On...Adjusting

Since leaving my Monday to Friday, 9-5 media agency lifestyle, I’ve had to let go of the stability, both financially and in terms of routine, that came with it. I am using some of my savings to move into this new life which has been a calculated risk I decided I just had to take for once and for all.

This has been disorientating and liberating. Adjusting to a new way is taking time and time itself has been as elusive as always. I feel a sense of freedom I have never felt before. However, as is with life, there are restrictions framing the situation I am currently occupying.

With a schedule that is changing daily, it’s been difficult to find a stable routine. I don’t start work at 9 am and finish at 6 pm anymore. My part time job involves random long hours and my own work happens at all sorts of times. Weekends are no longer “weekends”, Wednesday is not a ‘hump day’ (most annoying office term ever, followed closely by ‘Friyay’) and Sunday evenings no longer fill me up with a sense of dread. Finding time to organise plans with friends and family is harder. But shopping for groceries at 11 am on a Tuesday is easier.

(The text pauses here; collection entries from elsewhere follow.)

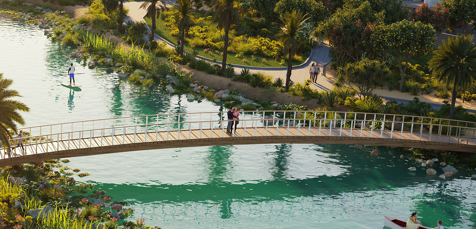 - Large-scale amenities: Malibu Beach, lazy river, wave simulator, outdoor cinema, petting farm, fishing lake, skate park, butterfly garden, bird aviary—the first in UAE :contentReference[oaicite:4]{index=4}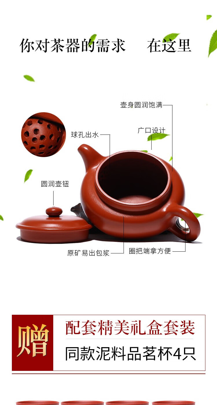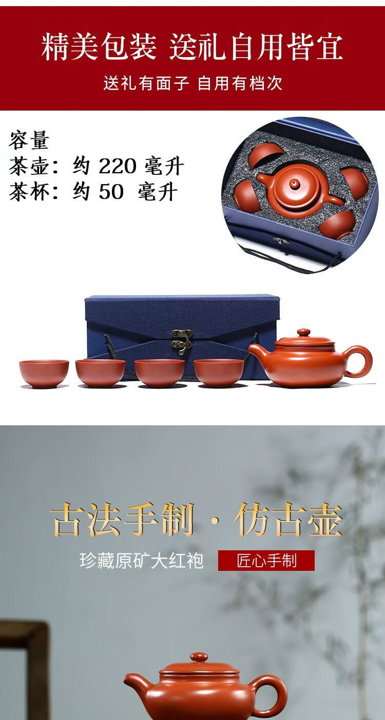 Red Tiepu Yixing purple clay pot Yixing handmade original ore purple clay antique teapot gift box set gift tea set 1 pot 4 cups 220ml purple clay antique teapot gift box set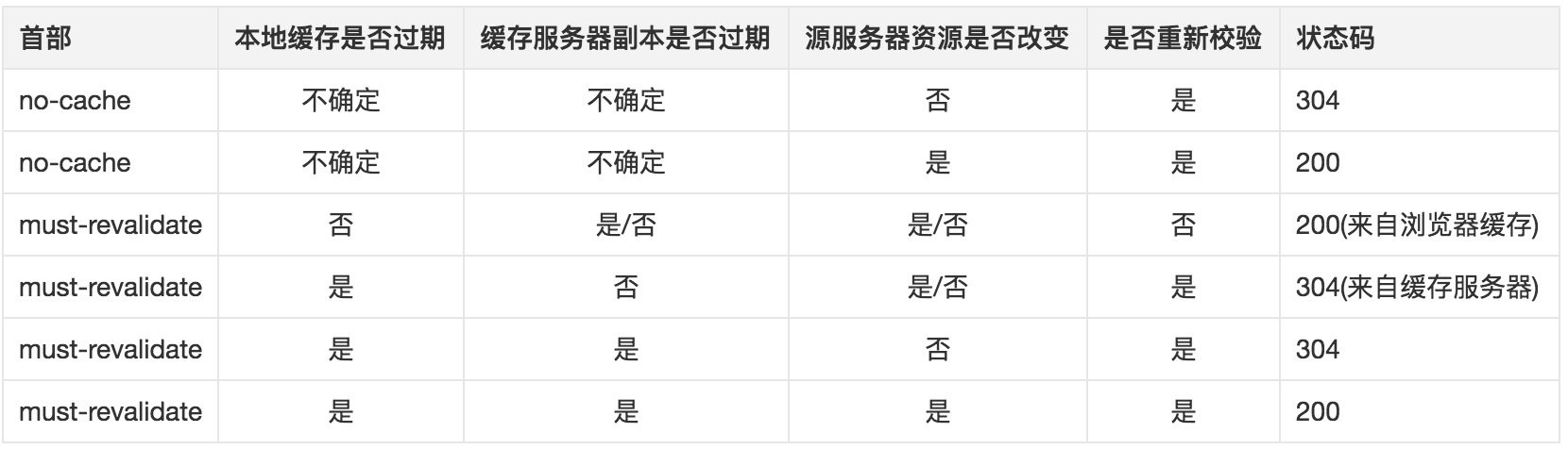 must-revalidate:告诉浏览器、缓存服务器,本地副本过期前,可以使用本地副本;本地副本一旦过期,必须去源服务器进行有效性校验。

My old self is so conditioned to staying up late that I have found mornings unproductive. Everyone in books and on the internet is always saying a morning routine combined with a regular sleep schedule is essential to increase productivity, but how is this achievable when the schedule itself is the antithesis of consistent? It’s a problem I can’t seem to reconcile.

Unsurprisingly I am writing this now and it’s almost 1 am when really I should be going to bed. But the calm alertness that comes at this time when everyone else is sleeping, provides me with a sense of clarity that only seems to flourish in darkness. Maybe the same logic applies to the morning people.

I envisioned myself doing yoga and meditating daily but this has been less frequent. It’s the thing I need the most to calm my overactive mind but it’s also the easiest to erase from the list when there are deadlines and endless goals I am piling on myself to justify this life change. Could a stable morning routine solve this?! Looking after our mental health is critical. Stress never helped anybody.

I am struggling to understand what a day off is. I’m juggling painting + art related activities, with my part-time restaurant job and freelance social media work. The boundary between work and play has blurred massively but I am noticing I can’t switch off. There always seems to be something I have, I need, to do.

Even socialising with my closest people is starting to evoke some guilt. Should I be out, when I could be painting? Where do I draw the line at sacrificing things that are taking up precious time and a limited pool of money? But at what risk do I put myself in if I hibernate too much and burn out? Personal relationships are so important for our well being that to sacrifice time with our favourite humans feels foolish.

Exactly how disciplined do I need to be for this all to work? I just don’t know.

It’s been exactly two months since I left my job. I feel like an entirely new person and my life feels like an entirely new life. My cousin told me today when I told him what I’d been up to that “it’s not a life update, it’s a paradigm shift!”. I suppose it has been.

Perhaps the key takeaway at this point for me is that change takes time, that achieving the things that matter most to us takes time. Patience and perseverance have a way of illuminating the right path. And it will all be, a-ok.